На лодку времени не оставалось, и, чтоб она не пропала, Павел Иванович продал ее, и удачно продал, деньги же, однако, в растрат не пустил, так как твердо отчего-то верил, что они еще понадобятся, — проесть их можно скорехонько, а вот стоящее дело без них не стронется с места.
Дело было что-то такое в августе, лето вовсе к осени скашивалось, откружились над землей, отпорхали давно белые ночи, и небо загустело темнотой и вызвездилось колкими, блестящими, как новый рубль, звездами. Павел Иванович лежал на кровати, и было душно, как в предгрозье, и, чтоб видеть небо, Павел Иванович подпер колышком распахнутую дверь, но из глубины сарая небо охватывалось не целиком, но лишь глубоким клоком, не был виден, но угадывался последний малиновый закат, уже заглатываемый цепкой наползающей темнотой.
Закат уже обессилел от долгого жаркого лета и испарялся мгновенно, уж вовсе по-осеннему.
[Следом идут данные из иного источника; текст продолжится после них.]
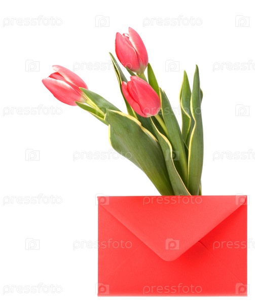 Открытка с розовыми тюльпанами, изолированная на белом фоне
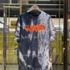 เสื้อยืดคอกลมแขนสั้น จากแบรนด์ Louis Vuitton ดีไซน์สตรีท ลงสีสไตล์การมัดย้อมแบบไม่สมมาตร พิมพ์คำว่า Vuitton สีส้มสดที่กลางอกเสื้อ
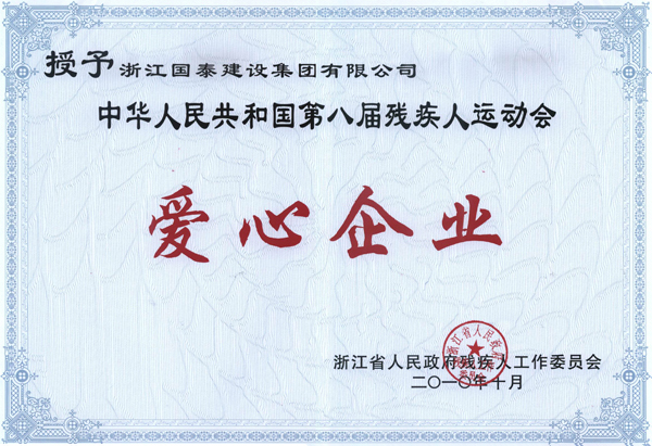 2010年第八届残疾人运动会爱心企业奖
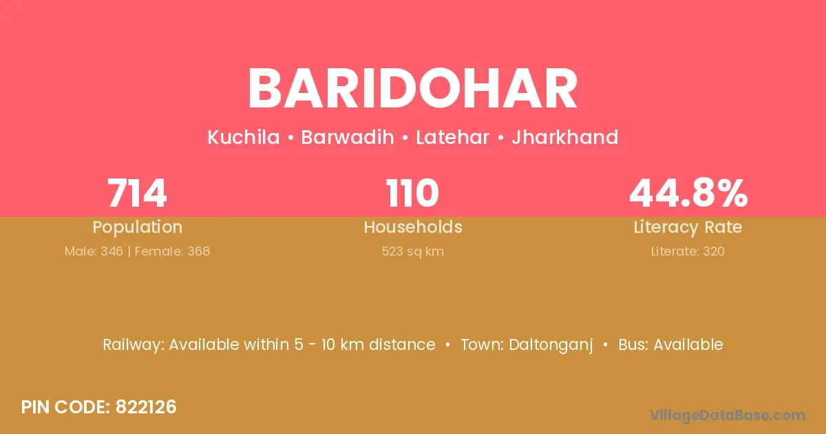 Daltonganj is the nearest town to Baridohar village for major economic activities
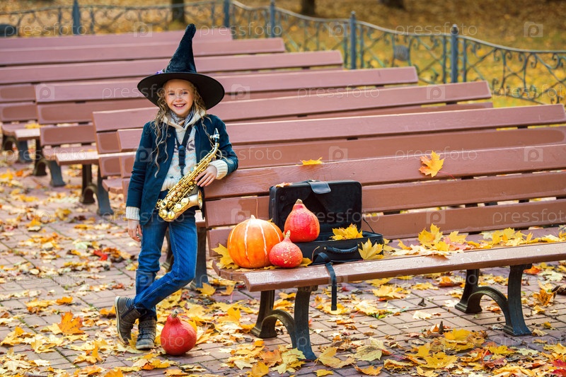 Веселая маленькая девочка играет на саксофоне в шляпе ведьмы в осеннем парке возле тыкв. Хэллоуин
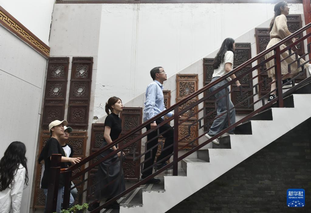 6月7日,张俊涛在开封市“汴京灯笼张”彩灯展览馆内向来访的大学生们介绍自己收集的家用传统木雕。
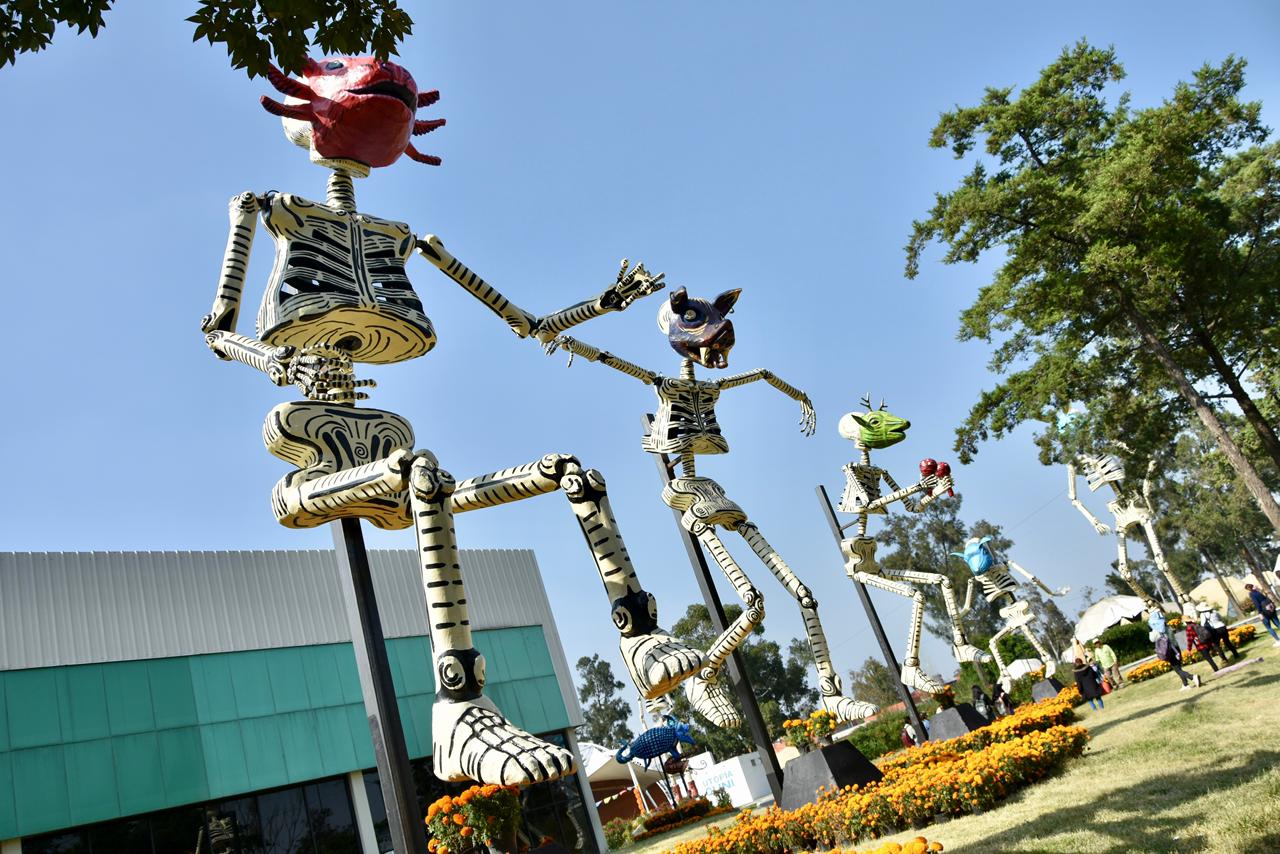Durante el acto inaugural, autoridades locales y habitantes de la comunidad se reunieron para admirar cada una de las calaveras monumentales, en un ambiente de colectividad y armonía. Ana Francis López, secretaria de Cultura capitalina, comentó que el año pasado estuvieron exhibidas en el Zócalo Capitalino y en esta ocasión llegan al oriente de la ciudad.
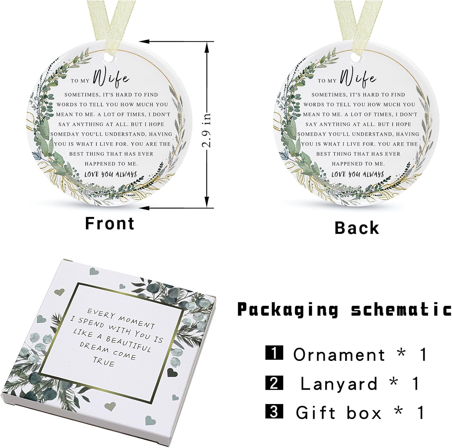 - đŒăPerfect and delicate sizeăThis is a wife memory ornament with a diameter of 2.9 inches and a thickness of only 0.18 inches. The product includes: a round wife ornamentt*1, a gift box*1 and a lanyard*1. The gift box comes with it makes it easy for you to give the best wife ever gifts directly to family and friends and other special people in your life, and the lanyard that comes with it helps to hang it easily on the Christmas tree or anywhere you want.
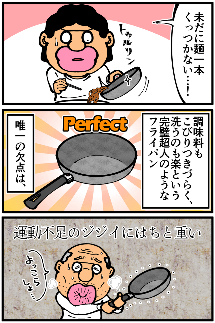 深型を買ったのでそれもあってちょっとズッシリとした重みはあるけど、逆に言うと気になる点がそこしか無いくらい使い心地が良いのでバッラリーニ社のフライパンオススメです。
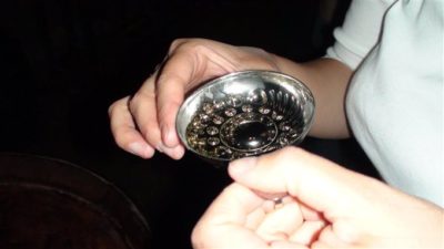 ワインのソムリエが、首から下げている灰皿のようなものを見て
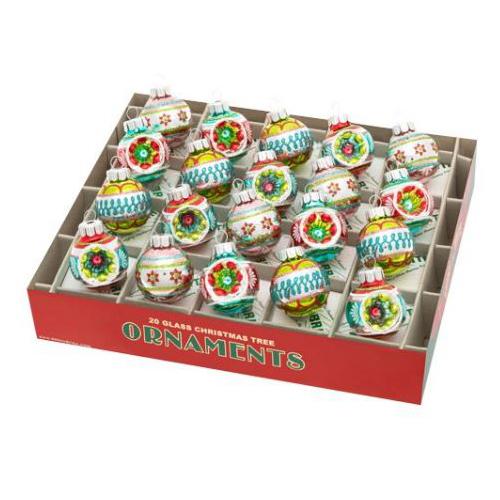 A colorful assortment of baubles and reflector rounds. Shiny Bright brings you a new and unique blend of colors for the 2021 holiday season! Made from glass, these ornaments have a 1.25 inch diameter.
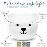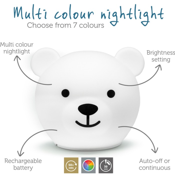 Bor the Bear Nightlight från Zazu är en söt och mjuk nattlampa i silikon som kanske gör nattningen enklare och roligare. Med sitt uppladdningsbara batteri och val av flerfärgade ljuslägen blir Bor en söt liten följeslagare i barnets rum – från sagostund till nattsömn. Kan användas för nattningsrutiner och mysiga stunder, och tas med på resor och utflykter.

Вот лежать бы Павлу Ивановичу, и так это спокойно и рассудительно думать, что вот и проходит жизнь и с этим следует смириться, не совсем и складной вышла она, не стал в ней Павел Иванович отличником, но нигде не оставляли его и на второй год, словом, вперед не рвался, но и в хвосте не плелся, а так это самое плотно со всеми посередке и прошел, и пот полил, и кровушку полил, однако в тот предосенний звездный вечер тревожили не мысли об уходящей жизни, этого довольно-таки горького песка, нет, его вовсе другое тревожило.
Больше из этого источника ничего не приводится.